Problem to work on
Below is some data. Retype exactly the lines starting at the one with "Složení: Cuketa, cibule, rajčatový" and ending at the one with "國際能源署發(fā)布德國能".

Records provided
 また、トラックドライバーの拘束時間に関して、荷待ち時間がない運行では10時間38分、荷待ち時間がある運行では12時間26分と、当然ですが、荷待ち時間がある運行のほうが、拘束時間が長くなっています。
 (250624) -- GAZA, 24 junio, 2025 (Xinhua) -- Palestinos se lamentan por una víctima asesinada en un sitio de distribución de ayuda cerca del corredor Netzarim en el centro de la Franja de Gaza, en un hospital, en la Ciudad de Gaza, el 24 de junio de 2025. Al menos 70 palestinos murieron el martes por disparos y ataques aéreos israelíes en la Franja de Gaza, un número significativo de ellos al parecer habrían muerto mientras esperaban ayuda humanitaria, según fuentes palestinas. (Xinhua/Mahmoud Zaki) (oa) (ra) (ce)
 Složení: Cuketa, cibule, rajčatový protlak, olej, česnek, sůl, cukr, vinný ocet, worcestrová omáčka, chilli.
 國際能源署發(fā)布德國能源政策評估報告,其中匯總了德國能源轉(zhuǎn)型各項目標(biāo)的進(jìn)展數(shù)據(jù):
---
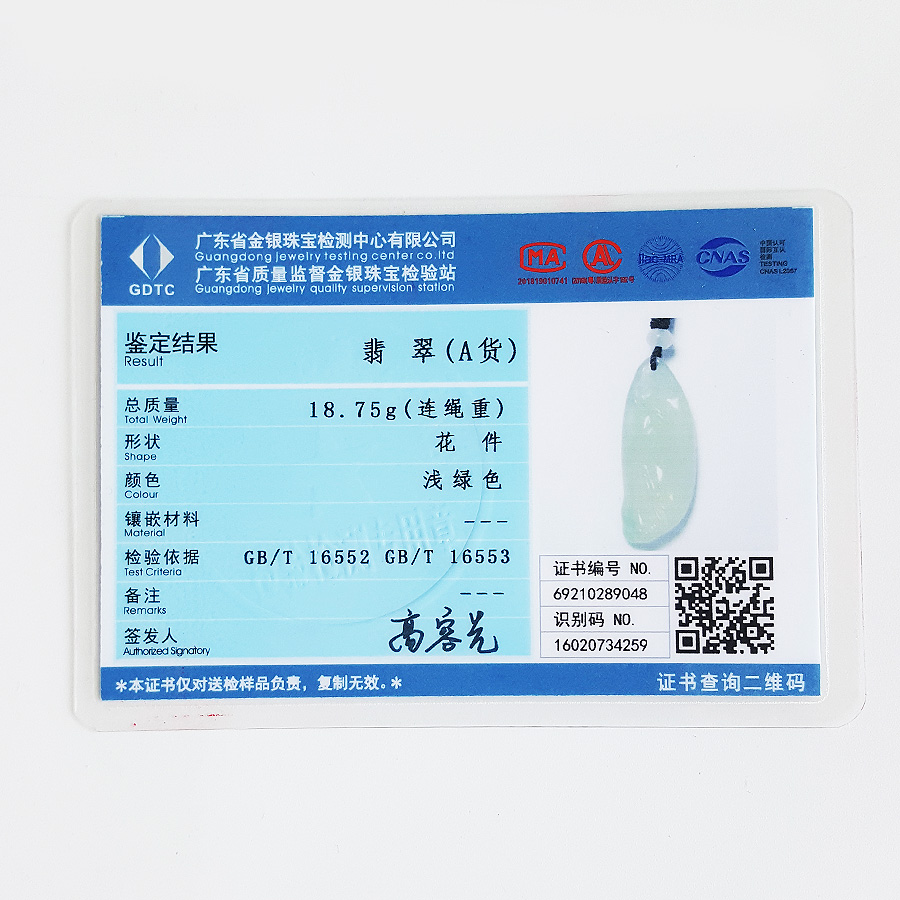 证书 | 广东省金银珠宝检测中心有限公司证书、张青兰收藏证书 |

Output
 Složení: Cuketa, cibule, rajčatový protlak, olej, česnek, sůl, cukr, vinný ocet, worcestrová omáčka, chilli.
 國際能源署發(fā)布德國能源政策評估報告,其中匯總了德國能源轉(zhuǎn)型各項目標(biāo)的進(jìn)展數(shù)據(jù):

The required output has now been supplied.